"Ася Пекуровская. Когда случилось петь С.Д. и мне (о С.Довлатове)" - читать интересную книгу автора

Множество зелий, распивавшихся вашим поколением, настоено именно на нем.
Было время шкаликов и штофчиков. После них пошли графинчики.Потом зацвели
абажуры цвета апельсиновой корки. А вам достался инфантилизм. - Слава Богу,
что достался! - кричу я. - В те дни, когда облака были высокими, снег белым,
Россия - нашей родиной, и еще никто не вызвался добежать-доскакать-долететь
до того дуба, который оказался деревом, мы были самыми молодыми.
Теперь вообразите себе Америку с ее гражданским уложением и детской
преступностью. Да чего там уложение или преступность. Вообразите вашего
дитятю. В Америке он становится американцем, держит в одной руке надкусанный
бутерброд, а другой распивает Кока Колу, попирая ногами белоснежный батист
покрывала. И что вы думаете у него при этом на уме? Он желает рассифонить
сахарную смесь по поверхности батиста, а потом заснуть перед включенным
телеэкраном.

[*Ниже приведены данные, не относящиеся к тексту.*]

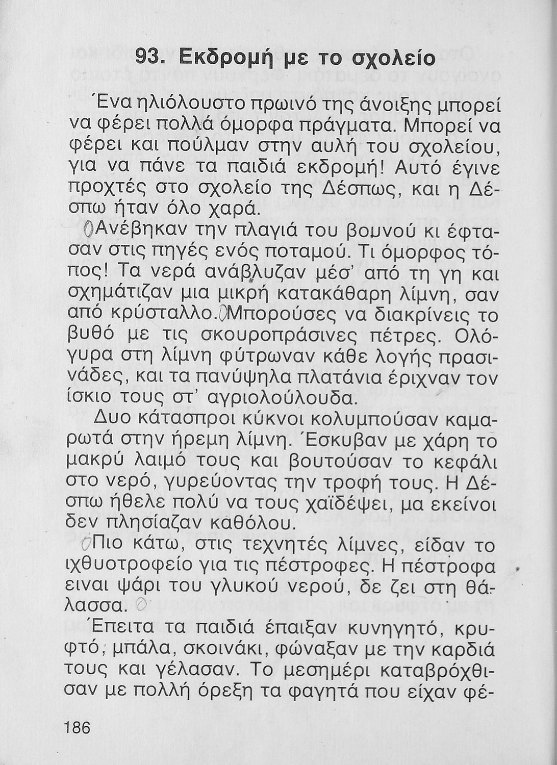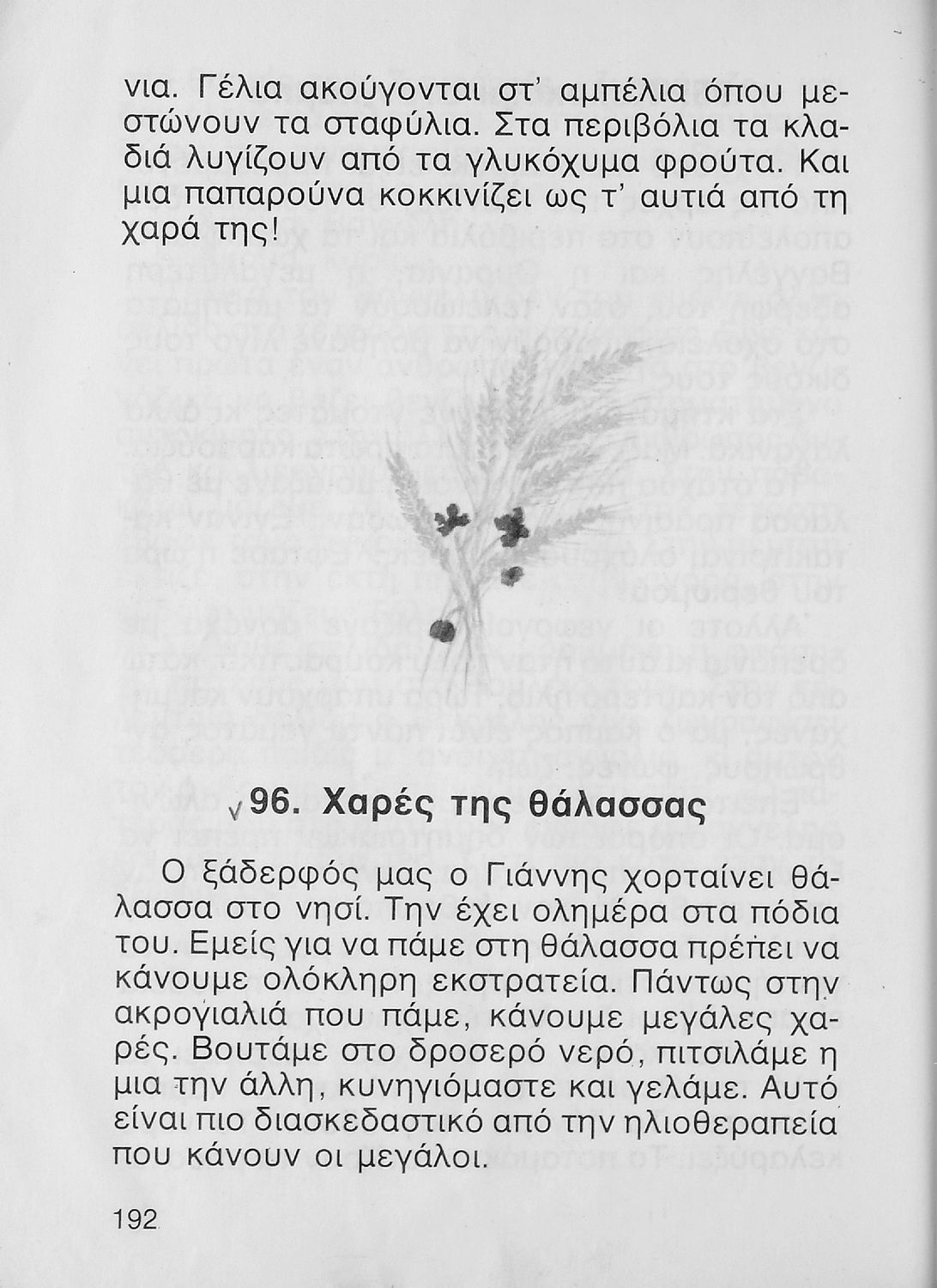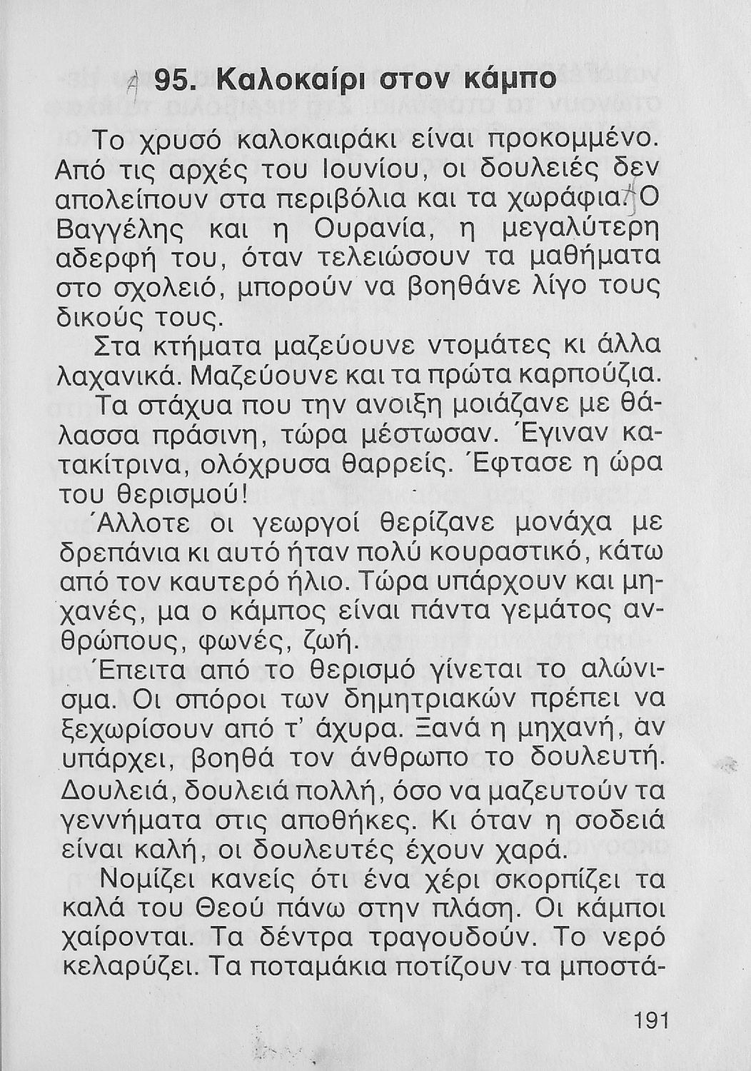 Αναγνωστικό Β' Δημοτικού που περιλαμβάνει ποιήματα και πεζά εμπνευσμένα από την καθημερινή ζωή, την ελληνική μυθολογία, την ελληνική φύση και τη θρησκευτική παράδοση.

Впрочем, очередность может быть иной. Ведь у него, у вашего
дитяти, по тому гражданскому уложению, вся жизнь впереди. Однако, чуть
перевалит дитятя за свой рубеж, тут ему уже другой хвост каметы светит. А не
пора ли, друг сердечный, тебе выпась в темный осадок? А причем тут свобода?
То есть не то, что демократия качнулась вправо. Как раз наоборот. Демократия
сонорно стоит на своем сорок втором, как раз на широте Крыма. Но ведь она
тоже не без своих капризов. Так что тебе, повзрослевшему дитяти, надлежит в
своем темном остатке не выкрахмаливаться. - Так мне ж так сподручнее, -
думает себе дитятя. - Я и сам того себе желаю. Не выкрахмаливаться, чтоб
было мягко да морщинисто. Что с того, что они все еше твердят: отцы и дети,
дети да отцы, хотя отцов уже, можно сказать, днем с огнем. - А как нужно
твердить? - Подскажите, как?
Вот и представьте себе мою Машу, охваченную скарлатинным заревом,
причем, даже не своего, а моего инфантилизма, тогда еще не
диагностированного, но уже отмеренного ртутным шариком в графе гражданского
уложения. "А вот ты ответь, - слышу я строгий голос где-то на уровне своего
бедра, - почему на балет я должна ходить в колледж, а на уроки рисования в
музей? Ведь я же девочка. Я люблю Кока Колу. И почему у нас запрещен
телевизор? На каком основании?" Были у нее и сверстники, тоже дитяти, уже
набравшиеся серьезности и гражданской причастности, диагностированные у их
родителей. Их досуг и мозговой потенциал уже измерялся активом типа
бойскаутство, "slumber party" и групповые ристания, проходившие под именем
"спорт". Моя "девочка", надо отдать ей справедливость, отстаивая свои
конституционные права, изъяснялась со мной исключительно по-русски, каких бы
мук ей это ни стоило.
Система запретов и предписаний, насаждаемая в нашем доме, не была
окрашена в моем сознании сомнением в ее непогрешимости, хотя не было такого
провидца, который бы не узрел в моем родительском стиле заряда
догматичности, жестокости и произвола. Конечно, Маше благочестиво внушалось,
что она вольна читать и обозревать на экранах все, что ей заблагорассудится,
исключая, разумеется, то, что уже заблагорассудилось поколению ее
сверстников. Маша бунтовала, искала поддержки у взрослых. Появлялись
взрослые, которые, потея, разъясняли мне, что моя позиция лишает ребенка
самой драгоценной в стране, где мы живем, возможности - быть тем, чем она
хочет, а хотел мой ребенок тогда именно того, чего хотели все ее сверстники
- быть как все.К счастью для меня и, надеюсь, для давно повзрослевшей Маши,
судьба уберегла ее от этой драгоценной возможности и уберегла безвозвратно.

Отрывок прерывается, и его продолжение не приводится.